First, the acting is fairly decent. Kilmer's performance in the role of the scientist is appropriately off-kilter. As the movie's opening credits sequence suggests, while his character has a strong public persona, he's actually got some nefarious motivation behind what he does. Martha MacIsaac (Superbad and the remake of The Last House on the Left) is convincing as the feisty daughter, and the rest of the cast are competent as well. No hammy histrionics from the actors here.

Second, director and co-writer Mark A Lewis takes full advantage of the location: British Columbia. This movie has an air of authenticity to it. The research facility feels isolated thanks to the area's solitary vistas of undeveloped land, and this helps heighten the ominous portent of the film's proceedings. In this respect, the film is reminiscent of the two version of The Thing.

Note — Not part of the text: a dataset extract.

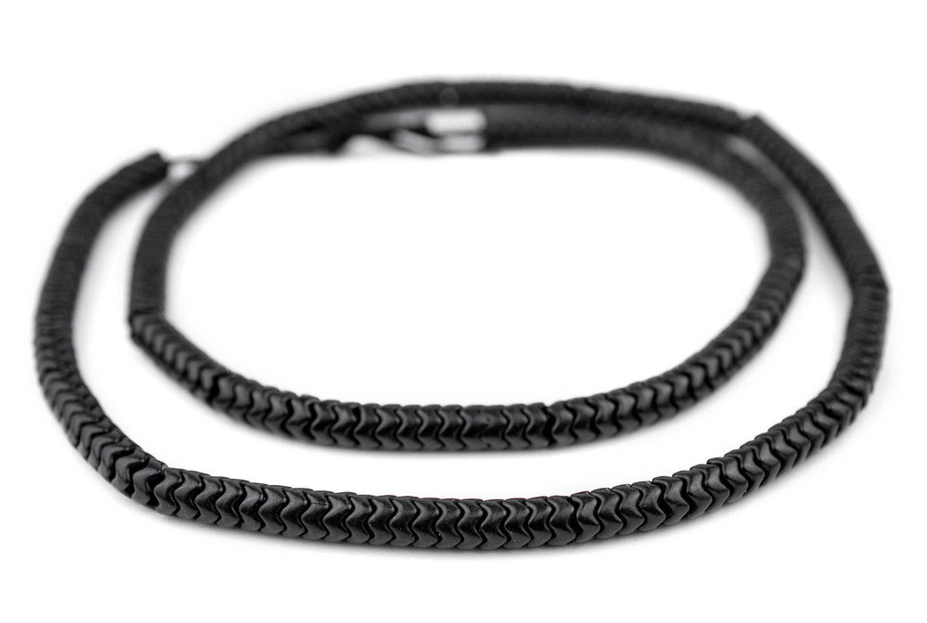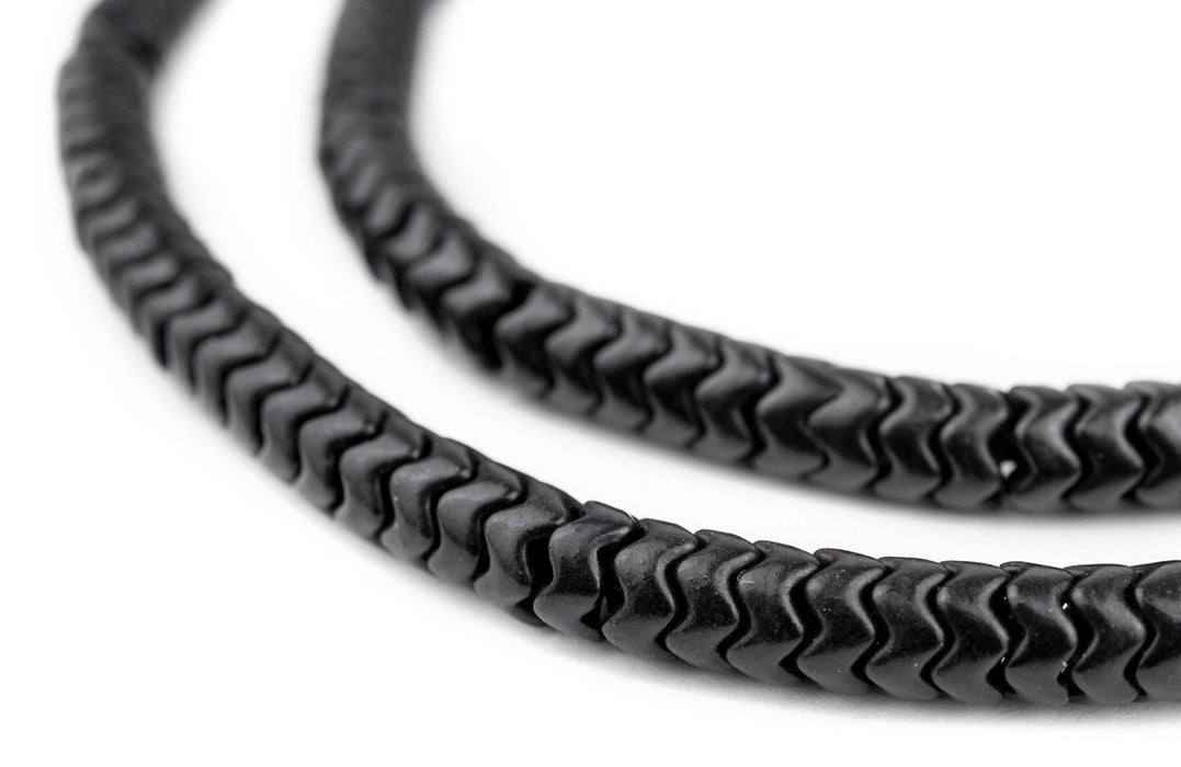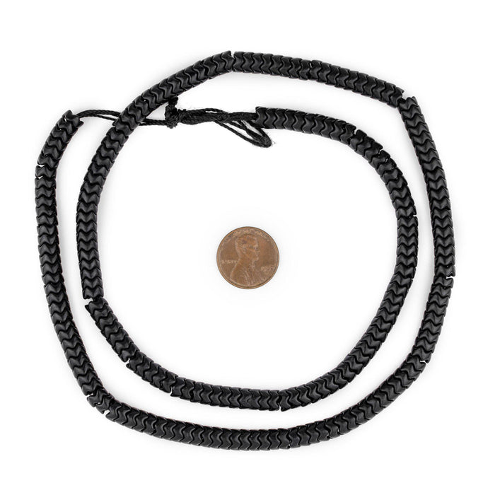 Take a look at these enticing Dark Black Resin Snake Bead Strands. Modeled after traditional Czech snake beads, resin beads like this are durable and very easy to work with. While vintage black snake beads are harder to come by, these interlocking beads are more readily available for your designs. Every strand is about 26" in length. Each bead is about 3-3.5 x 6-7mm with a roughly 1.5mm hole. Get yours today!

All in all, The Thaw won't go down in the annals of great horror filmmaking. But, despite its well-worn science fiction premise of a resurrected prehistoric threat to humanity's existence, the movie is produced well - and it manages to be entertaining. Recommended.

The DVD

Video:

Lionsgate gives The Thaw an anamorphic widescreen presentation with a 2.35:1 aspect ratio. The image had strong details, although colors appeared slightly faded. The latter may have been a stylistic choice, but it would have been nice to have a richer color palette for the location footage.

Sound:

The sole audio track is an English language Dolby Digital 5.1 affair. Dialogue was always clear. The mix wasn't especially dynamic, but this movie didn't offer a lot in the way of sound effects to warrant it.

Optional subtitles are available in English and Spanish.

Extras:

Ads for the original Ghost House Underground titles and the website Break.com, as well as trailers for The Children, Offspring, and Seventh Moon, precede the main menu. They're available collectively in an Also From Lionsgate link in the Special Features submenu, which also sports a separate link for a trailer of The Thaw.

More significant extras include a fairly standard Behind the Scenes (13:25) featurette with soundbyte comments from the cast and crew intermixed with shots of the film and its making.

A rather lame extra called Ghost House Micro Videos (2:54) offers trailer footage from these new Ghost House Underground titles set to the music of heavy metal bands. Yawn.

Final Thoughts:

A good cast and nice location footage of British Columbia compensate for a clichéd concept and routine script. The Thaw is a modestly successful fright flick and comes recommended.